Yesterday I had the pleasure of sitting down with Thomas Tague and Krista Thomas from Thomson Reuters.., I know, thats a lot of “T-h-o-m”s. They are here in San Jose this week at the Semantic Technology conference to make some announcements about their Open Calais semantic service including some new publishing partners as well as some new features.
While we have the music and newspaper industries flailing around trying to find relevancy and profits in todays web driven world Thomson Reuters gazed into their future a few years back and saw the rise of blogs, social networks and user generated content potentially start to erode percentage points off of their bottom line. They listened to their customers who were showing an interesting in all things “web 2.0” and instead of dismissing them and staying true to the old ways they started looking into ways give their customers what they wanted. This train of thought led them down the path of acquiring Clearforest, a company providing software solutions for semantic tagging and text processing to enterprises in various industries.
After the acquisition TR took the basis of the Clearforest tagging offering and unveiled the Open Calais project. TR has some really smart folks in their org, not only in tech group but also on the business development team. When they launched the semantic service the key word was “Open”. From the get go it was about giving people an enterprise level semantic processing engine with zero barrier to test it out to see what kinds of integrations and services developers would come up with. For a company that spends billions of dollars a year producing and aggregating content they knew that to evolve the service they needed to enlist numbers only seen when handing over the keys to the car and letting developers take it for a spin at no cost.

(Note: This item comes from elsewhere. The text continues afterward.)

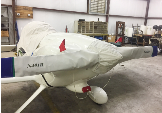
Van's Aircraft RV-4 Propellor/Spinner Cover, 2 Blade

This cover type is made from Silver Acrylic Sunbrella canvas and is 100% lined with a soft and smooth microfiber. Bruce's Custom Covers developed this material combination especially for aircraft protection. The outer material is medium weight and treated for water resistance, UV resistance and anti-static buildup. The inner lining is a very soft and smooth microfiber to prevent scratching. The material is very reflective, and tests show that the cabin interior temperature can be reduced to near-ambient temperature on the hottest of days. It is water, ice and snow repellent, yet breathable to allow moisture to escape from between the cover and the aircraft surface.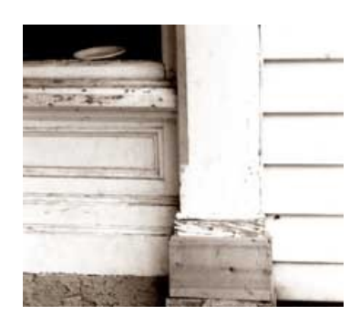
Rather than replace an entire wooden storefront, a new wooden component can be pieced-in, as seen in this column base.

Today the Open Calais service has over 10,000 developers building services and applications on top of their platform and sees around 3,000,000 calls come each day. While startups and the VC community burned millions chasing the “semantic web” to build homegrown engines and services TR has commoditized the hell out of the semantic web providing a great service for FREE that anyone can sign up for and instantly benefit from.
One really interesting project that is making use of the free service is Harvard and their Media Cloud research project. The project aims to prove an open service to track all forms of media as it is produced and spreads around the globe from main news outlets through to blogs and the rest of the long tail of content production.

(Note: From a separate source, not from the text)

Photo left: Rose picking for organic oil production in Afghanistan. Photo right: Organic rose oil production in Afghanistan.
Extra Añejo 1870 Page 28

The free service will suffice a lot of developers/publishers needs providing 40,000 API calls a day and up to four transactions per second. If you are interested in giving it a test run sign up for a key here.
For those developers and enterprises out there that need a little more heft in the transaction department or need an SLA in place to make the folks who are singing your paychecks a little more comfortable they also provide a professional service that touts 2,000,000 per day at a 20 call per second clip as well as a premise based solution that you could bring inside your firewall should you have such constraints due to your data retention/storage needs. Quick side note to clarify, at no time does the Open Calais web service store your data, they process it, provide you back the meta data about it, then throw it away. They state as much in their terms but thought I would point that out since I know how much everyone loves reading terms of service pages.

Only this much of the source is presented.